4. Conclusion and outlook
The industry is changing rapidly, and new BTC L2s are born every second, but what remains unchanged is the inevitable trend of the BTC ecosystem developing towards the second layer. BTC is a train that everyone wants to get on. From a plan perspective, side chains are just passengers who bought tickets. They only use cross-chain bridges to connect with BTC, but they can be used at the earliest. DA-type projects are trying to build a BTC version of Celestia and Eigenlayer. They have enough gimmicks and there are opportunities under the broad consensus of modularity. By uploading DA and using BTC scripts to implement some simple BTC on-chain mechanisms (mostly borrowing from BitVM’s bit commitment ideas), Rollups have barely stepped into the BTC security compartment. Who says that a sovereign Rollup that relies on self-verification is not a Rollup? (You need to thank Celestia for its long-term CX for sovereign Rollup) The crown jewel of BTC L2 is the use of BTC script logic to verify the proof of Rollup upload.

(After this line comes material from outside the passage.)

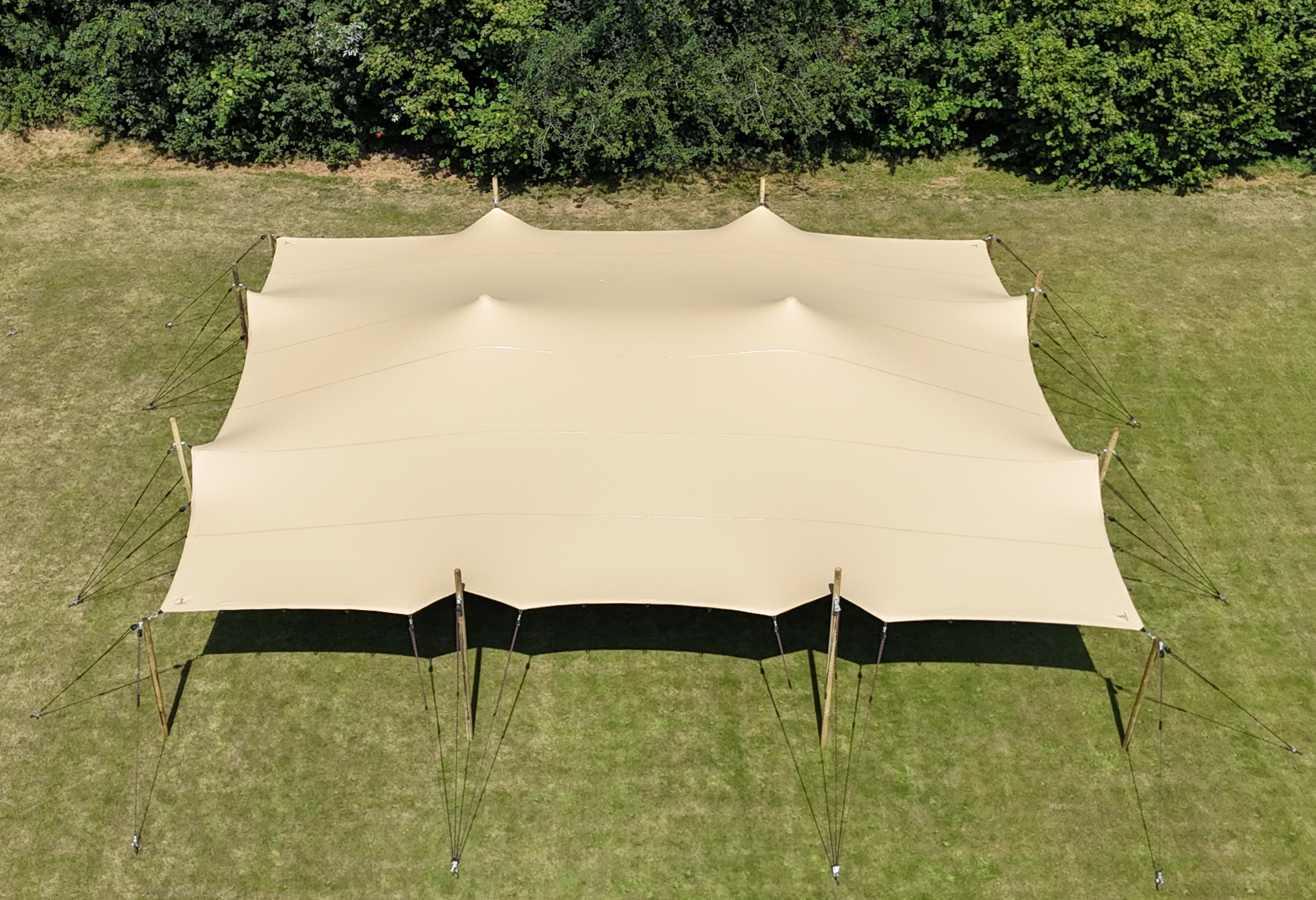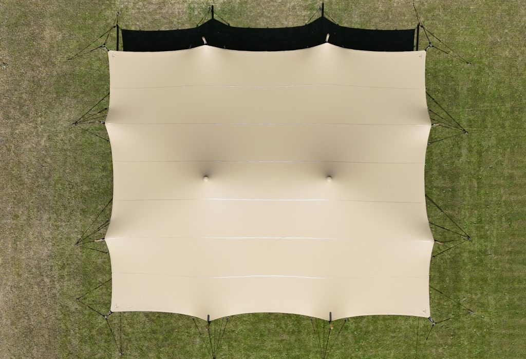 Nasze namioty rozciągliwe są produkowane z wyjątkową dbałością o szczegóły i jakość. Tkanina 720 g/m² jest jednostronnie powlekana i posiada technicznie zaawansowane wykończenie tekstylne od spodu, opracowane wyłącznie przez nasz wewnętrzny zespół. Ta kombinacja wysokiej jakości materiałów i tkanin ognioodpornych gwarantuje trwałe i bezpieczne rozwiązanie, zapewniając komfort i spokój podczas Twojego wydarzenia.

Currently, only BitVM and Atomicals' AVM are trying, which is infinitely close to ETH. Rollup's safe relationship. At present, it seems out of reach at the implementation level, but the unblocking of new operators such as op_cat seems to further accelerate its process. BitVM may be implemented faster than everyone expects.
After in-depth analysis and discussion of BTC L2 technology, we realize that despite the challenges, the future of the BTC ecosystem is full of infinite possibilities. From the consensus of fair distribution to the inscription-based expansion plan, to the pursuit of a fully mature expansion plan that shares strong security with BTC, the Bitcoin ecosystem is undergoing historic changes. Not only are these technologies expected to significantly improve the scalability and efficiency of the BTC network, they will also introduce new asset types and transaction methods, opening up new opportunities for users and developers. However, successfully achieving these goals requires a concerted effort of community consensus, technical maturity, and practical validation. In the search for the most effective L2 solutions, security, decentralization, and optimizing user experience will remain top priorities. Looking to the future, with technological advancement and community collaboration, BTC L2 technology is expected to unleash new potential in the Bitcoin ecosystem and bring more innovation and value to the cryptocurrency world.